**TRY IT**. The material below includes pictures; leave them out and return only the lines between the line containing "Miners in hardhats" and the line containing "Vandaag klimmen we", inclusive, word for word.

**COLLECTED DATA**.

[Start of section]

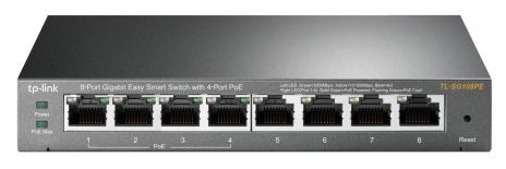 8-Port Gigabit Desktop PoE Easy Smart Switch, 8 Gigabit RJ45 ports including 4 PoE ports, 55W PoE Power supply, MTU/Port/Tag-based VLAN, QoS, IGMP Snooping, steel case
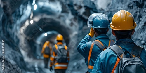 Miners in hardhats at work in a mine. Concept Miners, Hardhats, Work, Mine, Industry
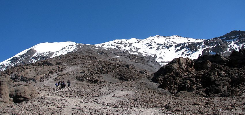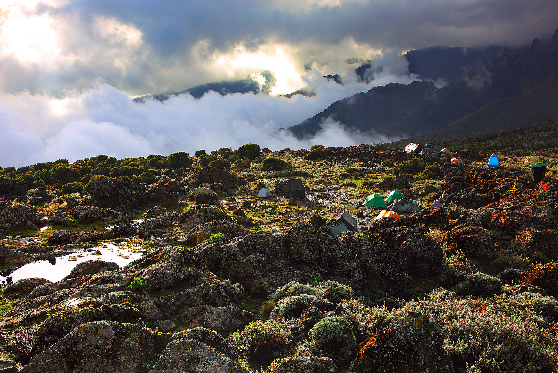 Vandaag klimmen we verder richting oosten door de ‘Garden of the Senecios’  en bereiken de alpiene zone. In de ochtend klimmen we langzaam maar gestaag naar de Lava Tower en de Shark’s Tooth rotsformatie. Op 4500 m lunchen we met prachtig vergezicht op het laagland (als de wolken het toelaten). Na de lunch dalen we af naar Moir Camp. Deze dag is een prima dag voor de hoogteaanpassing. Het lopen naar een hoogte van 4500 meter en vervolgens weer afdalen naar de kampplek een paar honderd meter lager is goed voor het acclimatisatieproces en als het goed is hebben we daar de rest van de beklimming profijt van.
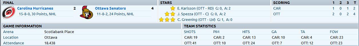 Another decent game against the top team in the Eastern Conference, the Hurricanes as the Senators skated to a 4-2 victory. Greening (6), Michalek (4), Regin (2) and Latendresse (7) Scored for the Senators while Robin Lehner made 17 saves for the win.

[End of section]

**RESPONSE AREA**.
 Miners in hardhats at work in a mine. Concept Miners, Hardhats, Work, Mine, Industry
 Vandaag klimmen we verder richting oosten door de ‘Garden of the Senecios’  en bereiken de alpiene zone. In de ochtend klimmen we langzaam maar gestaag naar de Lava Tower en de Shark’s Tooth rotsformatie. Op 4500 m lunchen we met prachtig vergezicht op het laagland (als de wolken het toelaten). Na de lunch dalen we af naar Moir Camp. Deze dag is een prima dag voor de hoogteaanpassing. Het lopen naar een hoogte van 4500 meter en vervolgens weer afdalen naar de kampplek een paar honderd meter lager is goed voor het acclimatisatieproces en als het goed is hebben we daar de rest van de beklimming profijt van.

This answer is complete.